「遠い島〜硫黄島・その33年」、30年ぶりの再放送(追記あり)

2月24日の朝日新聞夕刊より。

 太平洋戦争末期の激戦、硫黄島の戦いから約33年後の77年11月に放送され、日米双方の元兵士や遺族らの証言を集めた朝日放送(ABC)のドキュメンタリー番組「遠い島〜硫黄島・その33年」が25日の深夜枠で30年ぶりに同局で再放送される。(後略)

父親たちの星条旗』で題材となったアイラ・ヘイズ元一等兵も紹介されているとのこと。この30年間で戦争についての語り方がどう変化してきたか、という観点からも興味深い。放送は26日午前1時10分〜2時28分。

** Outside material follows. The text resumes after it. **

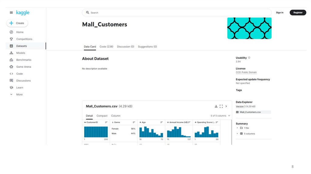 Mall_Customers / [Электронный ресурс] // : [сайт]. — URL: https://www.kaggle.com/datasets/shwetabh123/mallcustomers (дата обращения: 29.11.2025).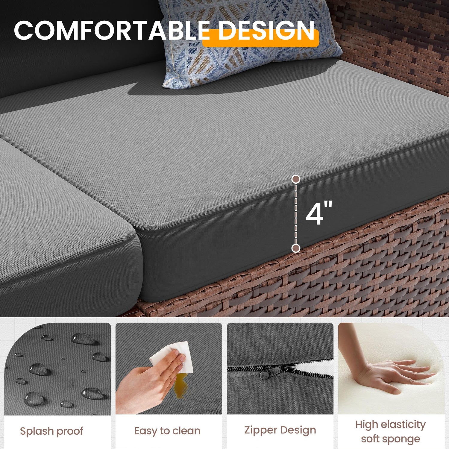 - Ergonomic Slanted Bcskest:UDPATIO outdoor sectional adopts ergonomic design, with a 105 ° backrest design,and the unique leaning matches the natural curves of the human body when sitting. The 4-inch thick cushions of patio set provide enhanced softness and support. The mat is splash proof ,The silicone dotsand fixing straps on the cushion can stay away from the inconvenience of sliding,the zipper design is easy to clean and replace.

追記:日曜日の深夜枠というのはちょっとつらいが(ビデオをまだ直していない…)、仮眠をとって夜中に起きだして観た。上述したアイラ・ヘイズ元一等兵の父親に取材しているのだが、このころは元将兵の親がまだ存命であったというところに、初回放送時からの30年という歳月を感じる。いまは元将兵の子どもの世代が、当時の元将兵の親世代の年齢に近づいているわけだ。『父親たちの星条旗』には、昔の西部劇でお馴染の“酒場から叩き出されるインディアン”というシーンが登場したが、父親の談によれば“インディアンに酒を売ってはならないという禁令を破ってみんなが酒をおごろうとした、息子はそうした特別扱いを嫌がり、酒で身を滅ぼすことを予感していた”とのこと。例の写真が「二度目」の星条旗であったという問題にはまったく触れられていない。
日本側の取材で最も印象に残ったのは、亡くなった兵士の遺族を訪ね歩く生き残りの元兵士。ある遺族から拒絶される場面が撮影されている。死亡率が非常に高いがゆえに、生存者にせよ生存者を見る遺族にせよその心中は察するに余りある。アップで映された義手をみていると、子どものころにはまだ縁日に“傷痍軍人”がいたことを思い出した。